When you are working under your vehicle, make sure it is supported by secure jack stands. There is always accident reports indicating someone has been injured because due to working under a car that was only supported by the jack. Please do not take any chances.
Changing the differential fluid is valued at approximately a $135 for the service and fluids. It really doesn't take that long, nor is it that difficult. The procedure just seems a bit daunting when you first think about doing the work on your own.
The subject vehicle for this procedure is a 2002 GT. You will require a 3/8 drive socket set, a slot screw driver, a scraper tool and some high temperature silicone and a drain pan. The fluid required is 2 quarts/litres of differential fluid and 2 bottles of Friction Modifier. The differential is a limited slip configuration and the clutches require the addition of the friction modifier. People who leave out the friction modifier will start to generate excessive rear end noise and will have to add it anyway.
Start by putting the car up on a lift or jacking the car up as high as possible and supporting it with jack stands. Do not, absolutely do not attempt this procedure with the vehicle supported only by the lifting jack.
Once you have the vehicle securely supported by jack stands, start by loosening all the bolts that surround the rear differential pan. There will be a aluminum tag attached to one or more of the bolts that specify the gear configuration of you vehicle unless you have changed the gear ratio. If you have these, don't loose them, we will replace them during re-assembly. Once you have removed all the bolts, slow pry the pan away from the differential housing near the bottom, being careful to not damage the pan. You will need just enough prying force to break the silicone seal between the two mating surfaces. Once you have broken the seal just enough for the fluid to start running, let it run. This is nasty smelling stuff and you don't want to get any on your clothing.
Once you have drained the differential completely, continue to pry the pan away until it is free. Remove it completely by lifting it up over the rear sway bar. Use the scraper to remove all the excess silicone sealant from the mating edge of the pan, and clean any fluid gunk from the pan itself.
Re-direct your attention to the mating surface of the differential housing and clean it with the scraper as well. There is always some differential fluid that does not drain out completely. Take some throw away rags or paper towel and clean the bottom of the housing. Once complete, clean clean the mating housing surface again with some solvent so that it is clean and dry.
The pan will now need to have the high temperature silicone applied to it before closing up the differential. It is easier to apply this to the pan than to the vertical surface of the housing. Carefully maneuver the pan back into position being careful not to touch the silicone surface to anything. Any contamination could be a source for a leaky rear end. Replace a the bolts with any tabs and finger tighten as much as possible. With your socket, slowly tighten each bolt using a criss-cross pattern. This will ensure a good flat mating surface between the pan and the housing.
If time permits, it is best to leave the pan for several hours or over night to allow the silicone to cure completely. This really diminishes the possibility of leaks.
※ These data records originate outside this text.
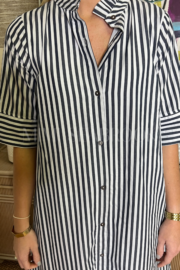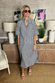 The Carolyn dress brings effortless charm. Featuring classic stripes, a polished collar, and convenient button-front closure, this dress transitions seamlessly from casual weekends to put-together weekday moments. The timeless design pairs beautifully with sneakers or sandals, making it a versatile wardrobe essential that works as hard as you do—minus the stress.
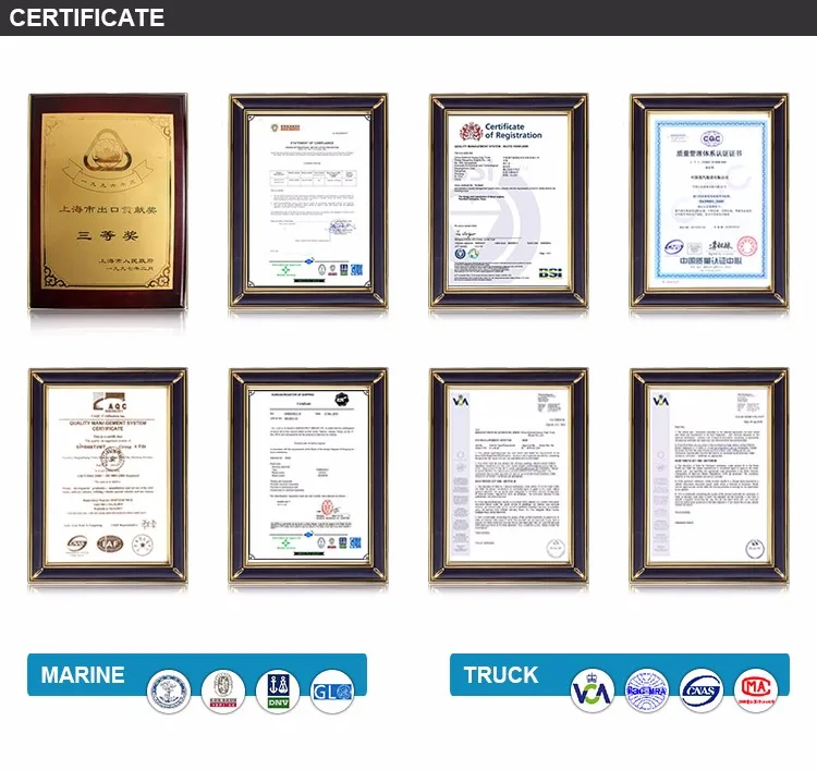 Sinotruk marine engine devided into for series, that is WD615, WD415, WD615.57, and D12 series for main power engines and auxiliaries. 1. Main power engines are devided into two categories, basic use and fishing boat use with speed 1500r/min,1800r/min,2100r/min(or 2000r/min). The basic includes turbocharged intercooled engine model and turbocharged model, and the turbocharged intercooled models are the same as truck engines, but adding marine special spares, such as marine intercooler, sea-fresh water heat-exchanger, monitor, PS8500 fuel injection pump(with parking electromagnet),sea water pump, SAE1# flywheel case, 14'flywheel, and flywheel connecting flange, supporter, the installment size is 740*1089.2(and for WD415 series is 740*789.2), the distance from crankshaft center height is 135. The fishing boat used engines based on the basic used have been changed into 4 slots fishing pulley, connecting flange(M14*1.5), diesle filter installed in the air-intake pipe and also add diesle pre-filter installed in the air-intake pipe, the installing size is 694*1145.5*140mm( for WD415series is 694*805.5*140mm). Main power engines can choose 6135flywheel case, when replace with SAE1 flywheel case, please change the flywheel case and connecting flange.
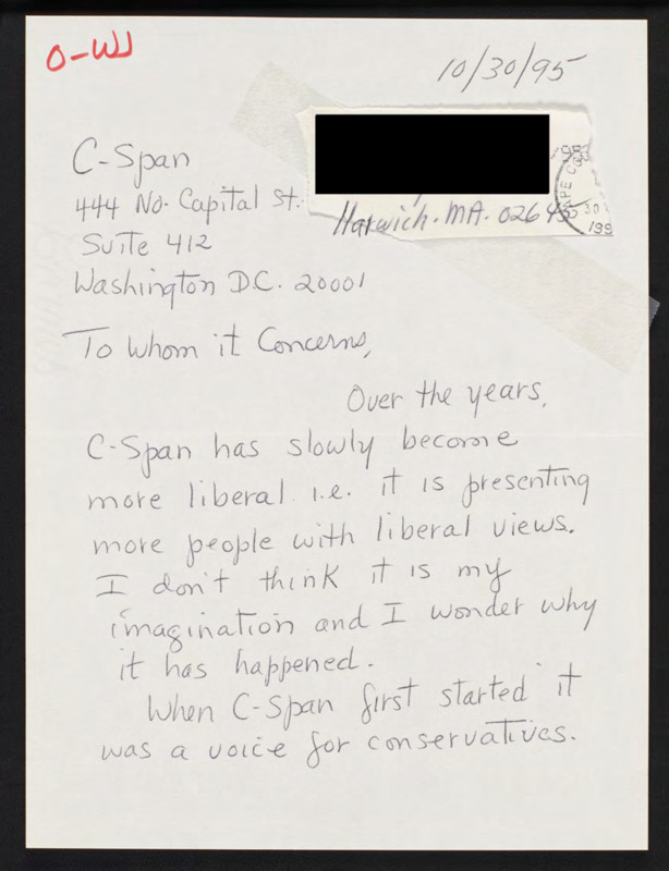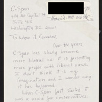 Accuses C-SPAN of becoming more biased toward liberals and questions why.
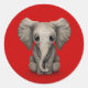 Cute Baby Elephant Calf Sitting Down, Red Classic Round Sticker
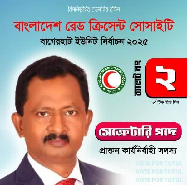 রেড ক্রিসেন্ট সোসাইটির আগামী নির্বাচনে সাধারণ সম্পাদক পদপ্রার্থী বাগেরহাট জেলা বিএনপি নেতা ও সাকে পৌর কাউন্সিল বিশিষ্ট সমাজ সেবক, দানবীর গরিব দুঃখী মেহনতী মানুষের বন্ধু

When the minimum time specified has elapsed, a socket driver with an extension will be required to remove the filler plug on the front side of the differential. This is on the drivers side, just above half way. Cut the end off of the spout provided on the differential fluid and empty 2 quarts/litres into the differential. Now add the 2 bottle of friction modifier and the housing should be full. If it does not already start running out, you should at least be able to stick you finger into the hole, and touch the fluid, this is adequate. If not, you may have to add a portion of another quart/litre of differential fluid.
Replace the plug and tighten. Over tightening can strip the thread and lead to a cost repair and a pile of wasted fluid. I had the transmission in neutral, which allowed me to turn the drive shaft a couple of revolutions, making sure the gear surfaces where covered and to help mix the fluid and the friction modifier. Check all you bolts and plugs are secure, slowly let the car down off the jack stands and you are finished.